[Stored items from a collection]
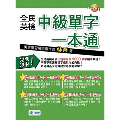 ◆精準掌握中級出題率最高2000單字◆ ◆貼心設計考前倒數準備◆ ◆附三回複習小測驗◆ ★選對單字書,讀一本就通 時間就是要花在刀口上,完全收錄全民英檢中級重點單字,只背真正會考的...more
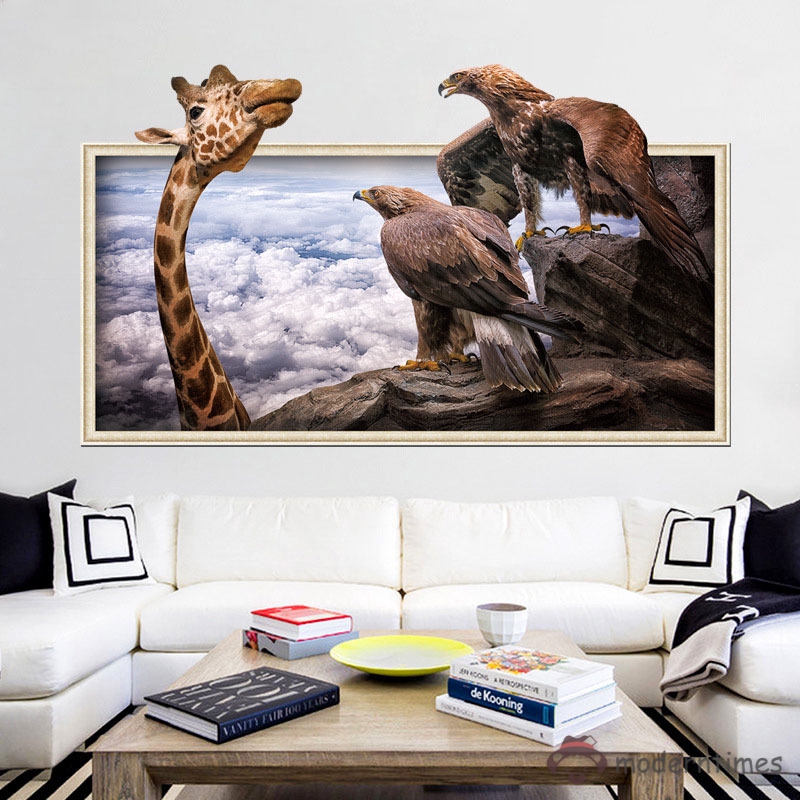 COD] Stiker Dinding 3D Gambar Hewan Jerapah / Elang untuk Dekorasi Kamar Tidur / Ruang Tamu | Shopee Indonesia
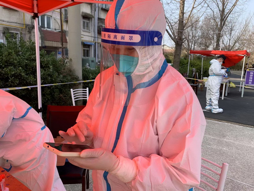▲ 海州區(qū)幸福路街道防疫主力隊(duì)員—秦英
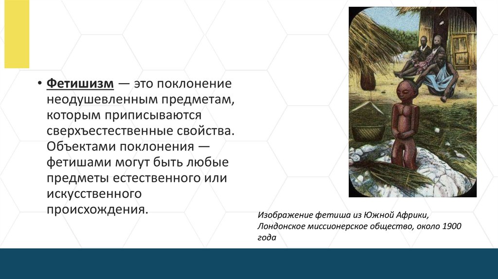 • Фетишизм — это поклонениенеодушевленным предметам,
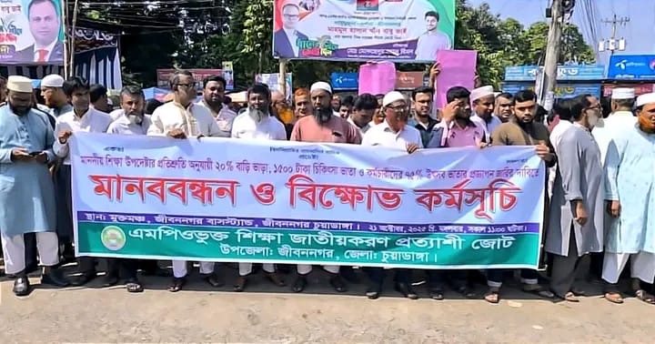 শিক্ষা উপদেষ্টার প্রতিশ্রুতি অনুযায়ী ২০% বাড়ি ভাড়া, এক হাজার ৫০০ টাকা চিকিৎসা ভাতা ও কর্মচারীদের ৭৫% উৎসব ভাতার প্রজ্ঞাপন জারির দাবিতে চুয়াডাঙ্গার জীবননগরে মানববন্ধন ও বিক্ষোভ অনুষ্ঠিত হয়েছে। এমপিওভুক্ত শিক্ষা জাতীয়করণ প্রত্যাশী জোটের আয়োজনে মঙ্গলবার (২১শে অক্টোবর) সকাল ১১টার সময় জীবননগর বাসস্ট্যান্ডের মুক্তমঞ্চের পাশে মানববন্ধন শেষে পৌর শহরের বিভিন্ন এলাকায় বিক্ষোভ করেন জীবননগর উপজেলার এমপিওভুক্ত সকল শিক্ষাপ্রতিষ্ঠানের শিক্ষক ও কর্মচারীরা। এসময় শিক্ষক-কর্মচারীরা বিভিন্ন স্লোগান দেন এবং শিক্ষা উপদেষ্টা প্রতিশ্রুত বাড়ি ভাড়া, চিকিৎসা ভাতা ও উৎসব ভাতার প্রজ্ঞাপন জারির দাবি জানান। মানববন্ধন ও বিক্ষোভ শেষে উপজেলা নির্বাহী কর্মকর্তার কাছে স্মারকলিপি প্রদান করা হয়
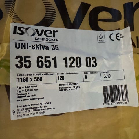 Drygt 2 skivor isolering kvar i paketet. Flexibatts. Ingen prutning tack.
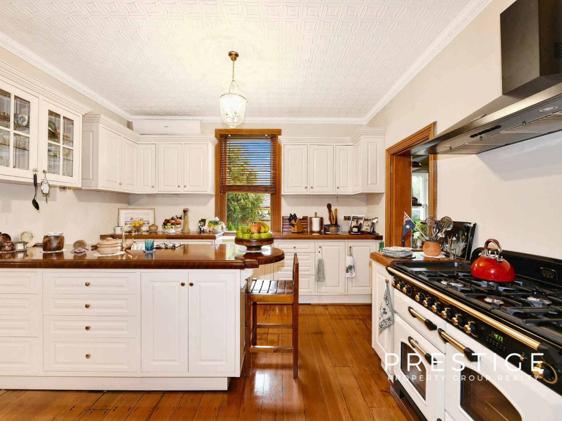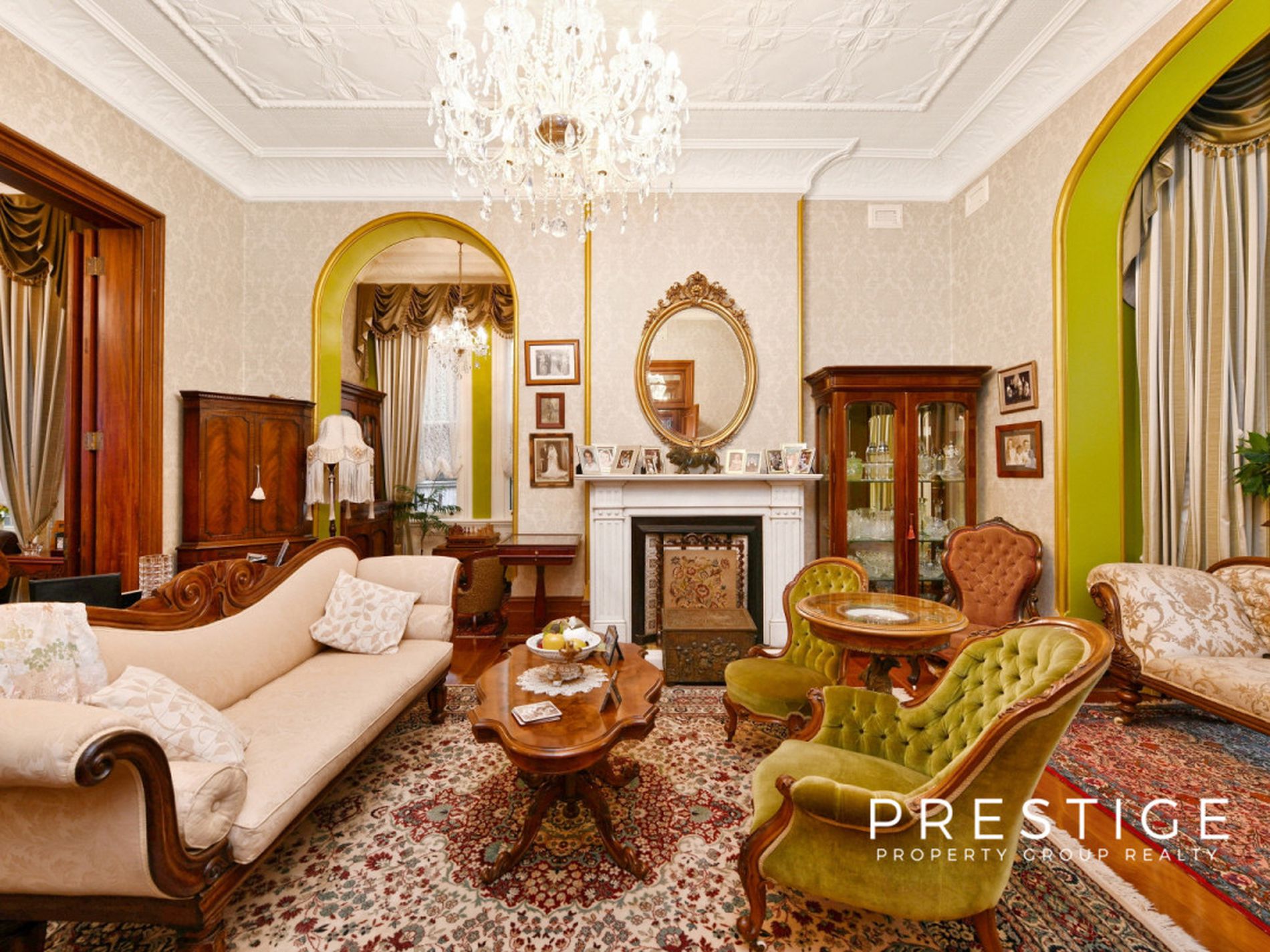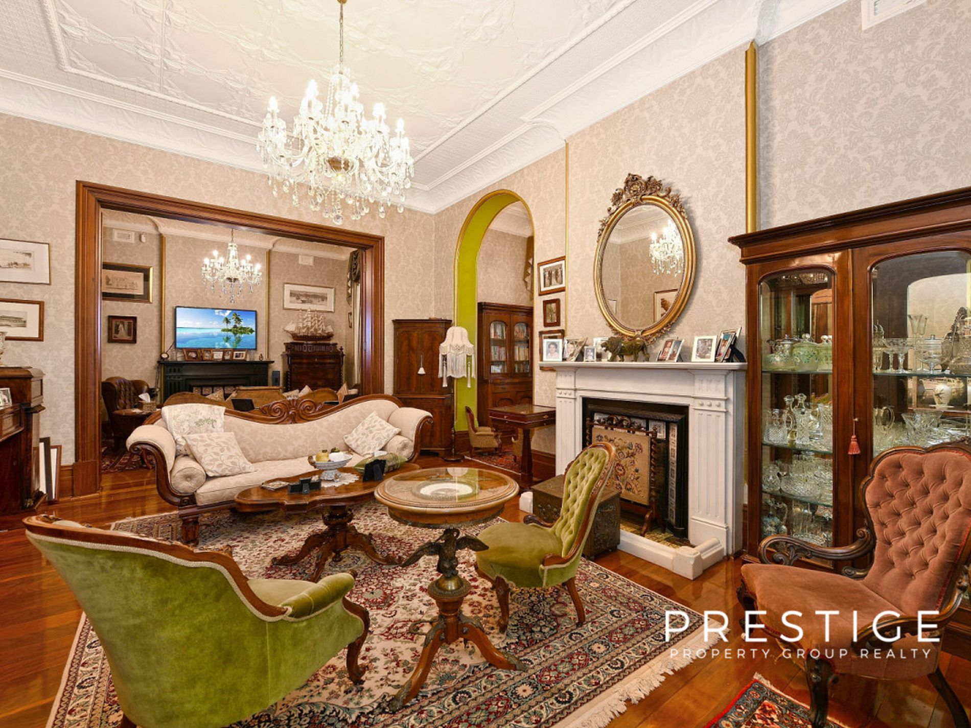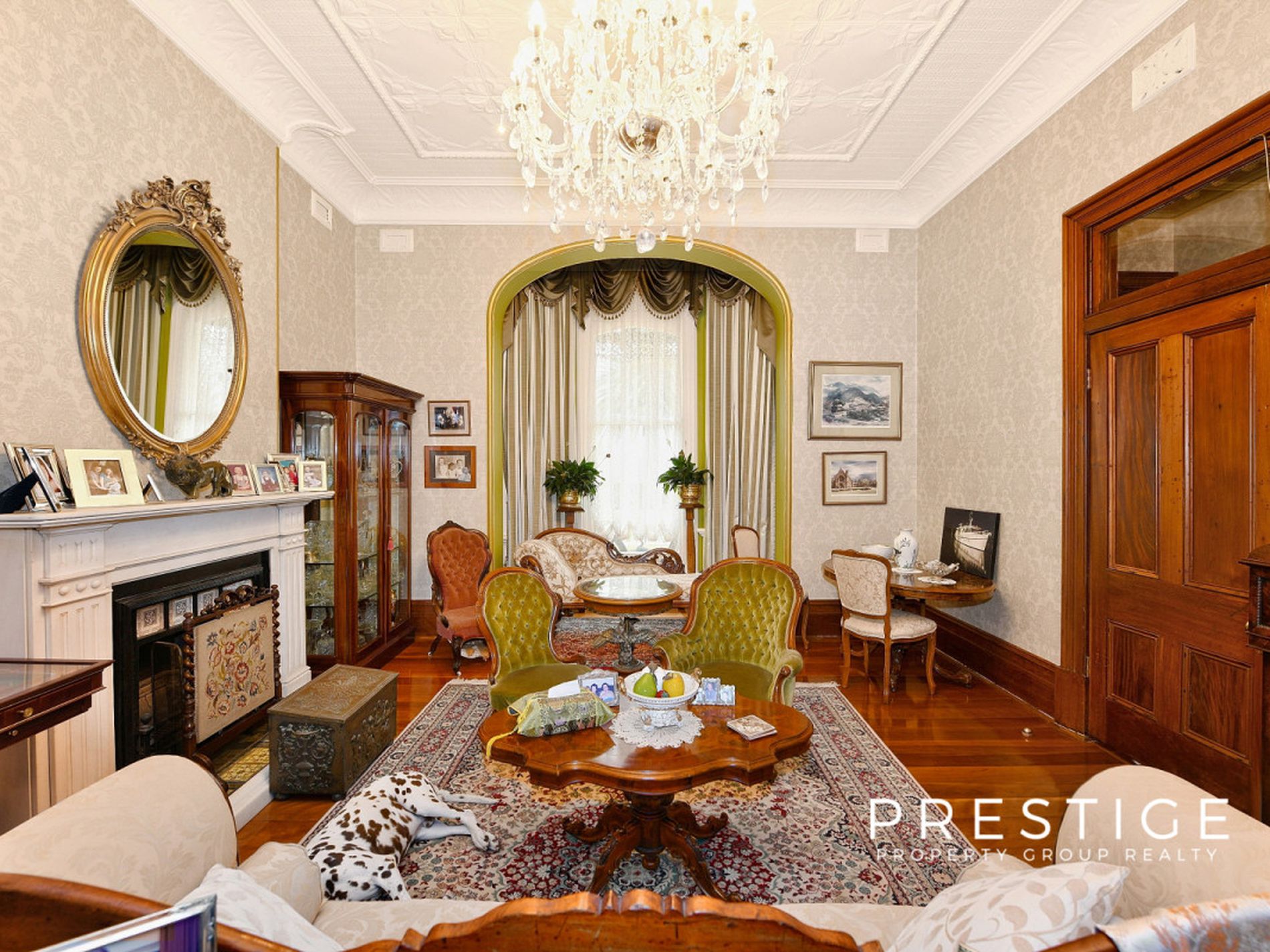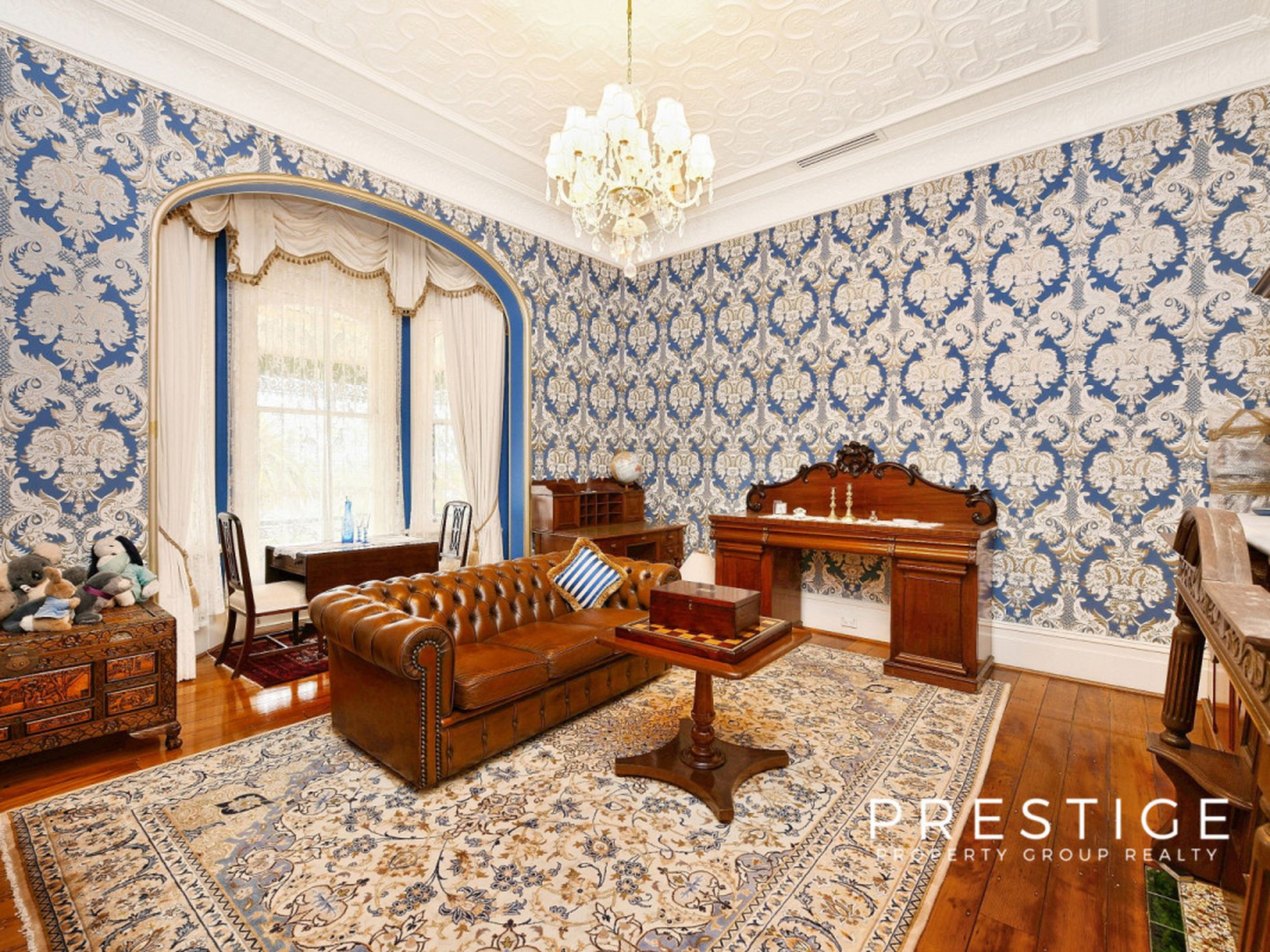 - Grand formal living areas, formal dining room, soaring ceilings (3.5m), with decorative pressed metal, 7 magnificent marble fireplaces, in working order; and stunning Australian Red Cedar joinery, library with built in bookcases, fully reverse cycle air conditioned throughout. Stunning wallpapers, drapes & blinds & dcor, polished original and new floorboards, all work carried out by quality tradesmen.

» Assignment
Every line of the data above should be returned exactly, with the pictures removed.

» Task response
 ◆精準掌握中級出題率最高2000單字◆ ◆貼心設計考前倒數準備◆ ◆附三回複習小測驗◆ ★選對單字書,讀一本就通 時間就是要花在刀口上,完全收錄全民英檢中級重點單字,只背真正會考的...more
 COD] Stiker Dinding 3D Gambar Hewan Jerapah / Elang untuk Dekorasi Kamar Tidur / Ruang Tamu | Shopee Indonesia
▲ 海州區(qū)幸福路街道防疫主力隊(duì)員—秦英
 • Фетишизм — это поклонениенеодушевленным предметам,
 শিক্ষা উপদেষ্টার প্রতিশ্রুতি অনুযায়ী ২০% বাড়ি ভাড়া, এক হাজার ৫০০ টাকা চিকিৎসা ভাতা ও কর্মচারীদের ৭৫% উৎসব ভাতার প্রজ্ঞাপন জারির দাবিতে চুয়াডাঙ্গার জীবননগরে মানববন্ধন ও বিক্ষোভ অনুষ্ঠিত হয়েছে। এমপিওভুক্ত শিক্ষা জাতীয়করণ প্রত্যাশী জোটের আয়োজনে মঙ্গলবার (২১শে অক্টোবর) সকাল ১১টার সময় জীবননগর বাসস্ট্যান্ডের মুক্তমঞ্চের পাশে মানববন্ধন শেষে পৌর শহরের বিভিন্ন এলাকায় বিক্ষোভ করেন জীবননগর উপজেলার এমপিওভুক্ত সকল শিক্ষাপ্রতিষ্ঠানের শিক্ষক ও কর্মচারীরা। এসময় শিক্ষক-কর্মচারীরা বিভিন্ন স্লোগান দেন এবং শিক্ষা উপদেষ্টা প্রতিশ্রুত বাড়ি ভাড়া, চিকিৎসা ভাতা ও উৎসব ভাতার প্রজ্ঞাপন জারির দাবি জানান। মানববন্ধন ও বিক্ষোভ শেষে উপজেলা নির্বাহী কর্মকর্তার কাছে স্মারকলিপি প্রদান করা হয়
 Drygt 2 skivor isolering kvar i paketet. Flexibatts. Ingen prutning tack.
 - Grand formal living areas, formal dining room, soaring ceilings (3.5m), with decorative pressed metal, 7 magnificent marble fireplaces, in working order; and stunning Australian Red Cedar joinery, library with built in bookcases, fully reverse cycle air conditioned throughout. Stunning wallpapers, drapes & blinds & dcor, polished original and new floorboards, all work carried out by quality tradesmen.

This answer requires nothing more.